Great picture! Love the location!!


----------



## pointsjunkie

great picture, will be there in 2 weeks. can't wait.


----------



## mitchandjeanette

Just getting this to the top of the message board.  Still a lot of names w/out faces. :deadhorse:


----------



## Denise L

*Can we post updates?*

This is me and the kids with Disney's Beach Club Villas in the background:






And this is the whole family at our post-Thanksgiving family gathering:


----------



## DeniseM

Great pictures, Denise!  What a good looking bunch!


----------



## SDKath

I love the huge smiles Denise!    Glad you had so much fun.

Katherine


----------



## ciscogizmo1

Denise...  Great family pictures... I totally forgot you were going the same time we were but I'm certain I never saw you guys.  Glad you got to go home.  We missed it very much...


----------



## Denise L

ciscogizmo1 said:


> Denise...  Great family pictures... I totally forgot you were going the same time we were but I'm certain I never saw you guys.  Glad you got to go home.  We missed it very much...



Tina,

I'm surprised that we never saw you  !  Where did you stay?  We miss it already, too. The weather was great and it was the perfect escape from life here in the "real" world.  I doubt we will sell our DVC points now, and in fact, we may end up with more some day.


----------



## ciscogizmo1

Denise L said:


> Tina,
> 
> I'm surprised that we never saw you  !  Where did you stay?  We miss it already, too. The weather was great and it was the perfect escape from life here in the "real" world.  I doubt we will sell our DVC points now, and in fact, we may end up with more some day.

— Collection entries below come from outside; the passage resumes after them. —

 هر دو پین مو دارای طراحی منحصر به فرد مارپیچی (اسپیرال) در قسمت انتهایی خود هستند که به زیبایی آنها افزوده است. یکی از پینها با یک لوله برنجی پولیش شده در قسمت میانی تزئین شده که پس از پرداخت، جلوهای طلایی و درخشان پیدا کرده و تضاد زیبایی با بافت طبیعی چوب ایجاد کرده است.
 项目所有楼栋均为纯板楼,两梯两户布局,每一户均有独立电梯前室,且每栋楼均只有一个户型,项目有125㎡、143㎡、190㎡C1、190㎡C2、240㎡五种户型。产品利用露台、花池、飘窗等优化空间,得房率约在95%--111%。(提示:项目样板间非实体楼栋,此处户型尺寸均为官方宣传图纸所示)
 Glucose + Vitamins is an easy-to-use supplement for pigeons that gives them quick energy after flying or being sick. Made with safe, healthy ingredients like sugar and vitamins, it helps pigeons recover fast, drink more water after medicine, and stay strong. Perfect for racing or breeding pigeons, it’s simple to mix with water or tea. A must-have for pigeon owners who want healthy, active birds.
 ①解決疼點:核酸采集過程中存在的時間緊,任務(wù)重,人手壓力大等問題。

  We stayed one night at All Star Movies, 7 nights at the Marriott Grande Vista & 3 nights at the Swan.  We used a trade for Marriott and points for the Swan.  We went to Saratoga Springs to see the BLT models and LOVED them.  We liked the decor of Animal Kingdom better but the BLT models had a great little kitchenette.  Good enough that we'd consider staying in a studio.  So, we are seriously considering adding on here.  We didn't really enjoy our stay off-site.  It was okay but not what we envisioned.  You can definitely say we have been bitten by the Mouse.


----------



## WalnutBaron

Greetings, Fellow TUGgers and SVO owners!  This is me and my better half--all dressed up for our 25th anniversary   We celebrated in beautiful Carmel, California.


----------



## GrayFal

WalnutBaron said:


> Greetings, Fellow TUGgers and SVO owners!  This is me and my better half--all dressed up for our 25th anniversary   We celebrated in beautiful Carmel, California.

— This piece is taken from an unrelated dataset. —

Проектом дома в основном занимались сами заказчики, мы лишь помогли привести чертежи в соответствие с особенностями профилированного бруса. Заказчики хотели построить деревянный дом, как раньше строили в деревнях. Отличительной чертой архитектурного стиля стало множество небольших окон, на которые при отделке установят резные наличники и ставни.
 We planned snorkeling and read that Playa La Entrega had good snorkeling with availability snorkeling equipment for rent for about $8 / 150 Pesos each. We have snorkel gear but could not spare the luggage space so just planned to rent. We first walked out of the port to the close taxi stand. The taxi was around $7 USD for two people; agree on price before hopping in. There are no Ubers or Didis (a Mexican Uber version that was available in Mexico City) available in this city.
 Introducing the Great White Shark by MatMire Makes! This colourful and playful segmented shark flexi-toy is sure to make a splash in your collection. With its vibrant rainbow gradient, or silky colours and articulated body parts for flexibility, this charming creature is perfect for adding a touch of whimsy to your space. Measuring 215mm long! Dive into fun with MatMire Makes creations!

You are a handsome couple...congrats on your anniversary and thanks for posting.....  

.....and don't forget to post a picture of you in Hawaii when u visit your home resort.


----------



## stevens397

I'm just depressed that y'all are so friggin young!

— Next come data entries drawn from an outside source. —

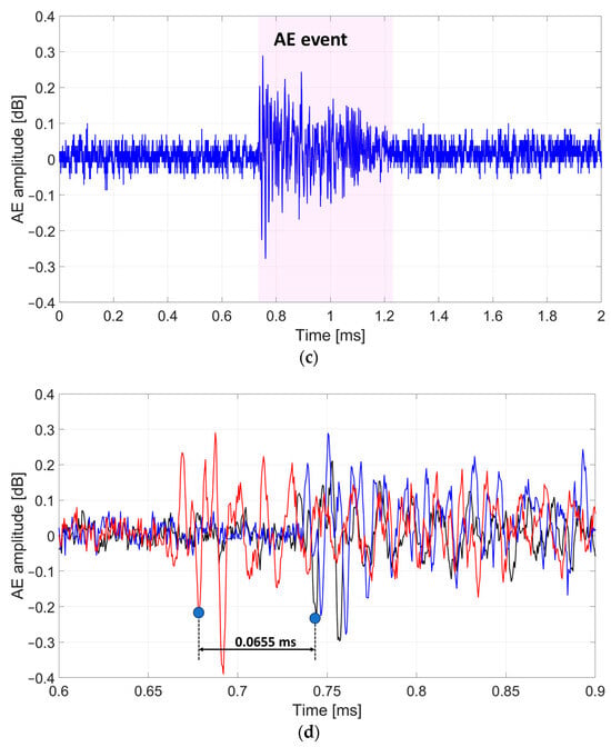 AE event wave measured by the Kistler sensors. (a) At position P1, (b) at position P2, and (c) at position P3. (d) Comparison of the arrival times of the AE event wave to positions P1, P2, and P3.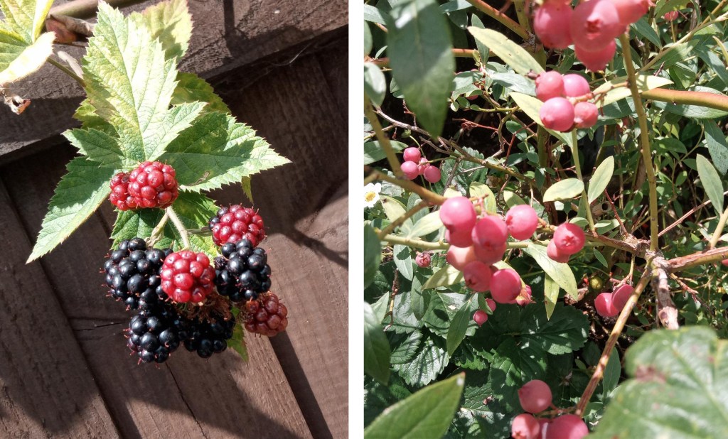 Elsewhere in the garden my Oregon blackberry plant has been putting out fruit for the first time, which is a joy. You have to wait until they turn properly black, but once they do they taste just like Ribena 🙂 Their neighbour, a pink blueberry plant, has been busy fruiting too.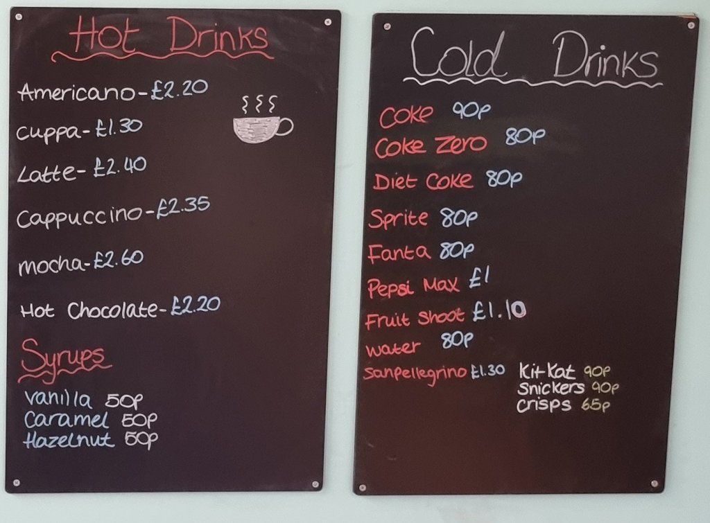 The menu is short and sweet with coffee and soft drinks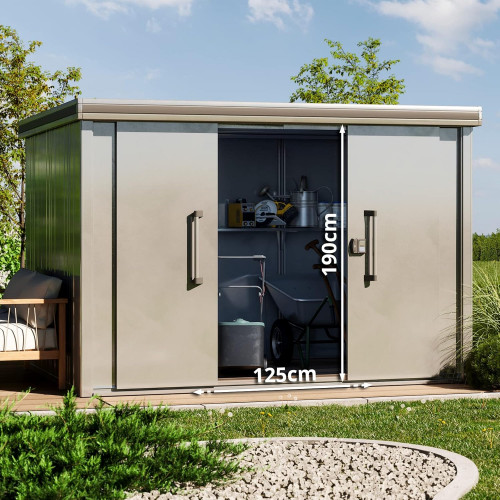 - ALMACENAMIENTO EN EL JARDÍN: Nuestras casetas de jardín resistentes a la intemperie ofrecen una solución de almacenamiento segura en tu jardín. Ya sea como cobertizo para herramientas o garaje para bicicletas. Nuestra caseta metálica de jardín es ideal para exteriores todo el año.
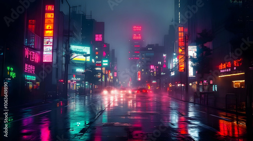 © Siasart Stock, Fototapeta premium Rainy Neon City Street Illustration
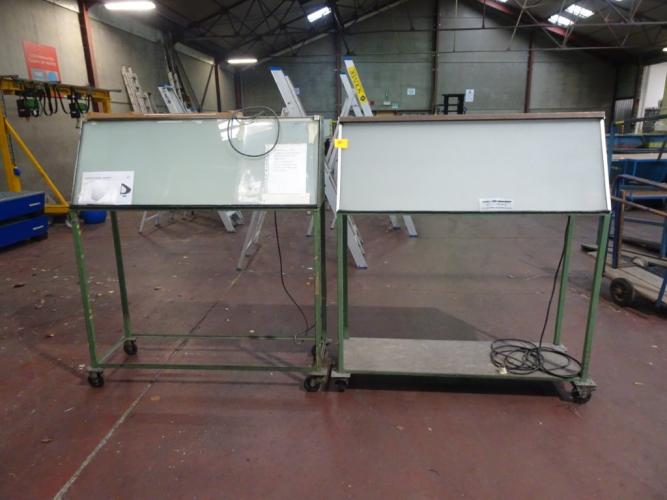 2x Metalen werktafel + 2x lichtbak

Wish I had learned about timeshares in my 30's and 40's rather than my late 50's!


----------



## WalnutBaron

stevens397 said:


> I'm just depressed that y'all are so friggin young!
> 
> Wish I had learned about timeshares in my 30's and 40's rather than my late 50's!



Don't feel too bad...I am 51 and my bride is 55.  We're right in there with ya!


----------



## Transit

Bump. I noticed some new Starwood posters on the board and some guy named  Frits Van Paasschen wants a photo of Nodge  .


----------



## hacker0124

*hacker0124 and wife*





Here we are in Maui renewing our vows...this is in Kaanapali, at the Westin.

This was my firsdt try...apologize for multiple posts!


----------



## hacker0124

*hacker0124 and wife*





Here we are, Mike and Tammy, on our wedding day in Maui.









Here we are zip lining on the most recent trip to Cancun Westin Lagunamar

Thanks for the opportunity to share everyone!


----------



## Denise L

*Just back from Westin Ka'anapali*

So here is our latest family photo:


----------



## tomandrobin

Denise L said:


> So here is our latest family photo



Kids are getting big! Nice picture!


----------



## DavidnRobin

great photo - Robin loves the turtle t-shirt.  It would have been a really precious photo if your son and hubby had the same shirts on also.

RnD will update our photos during our upcoming WSJ stay - except I am getting older and Robin is getting younger.


----------



## DeniseM

Great picture of a beautiful family!


----------



## Denise L

DavidnRobin said:


> great photo - Robin loves the turtle t-shirt.  It would have been a really precious photo if your son and hubby had the same shirts on also.
> 
> RnD will update our photos during our upcoming WSJ stay - except I am getting older and Robin is getting younger.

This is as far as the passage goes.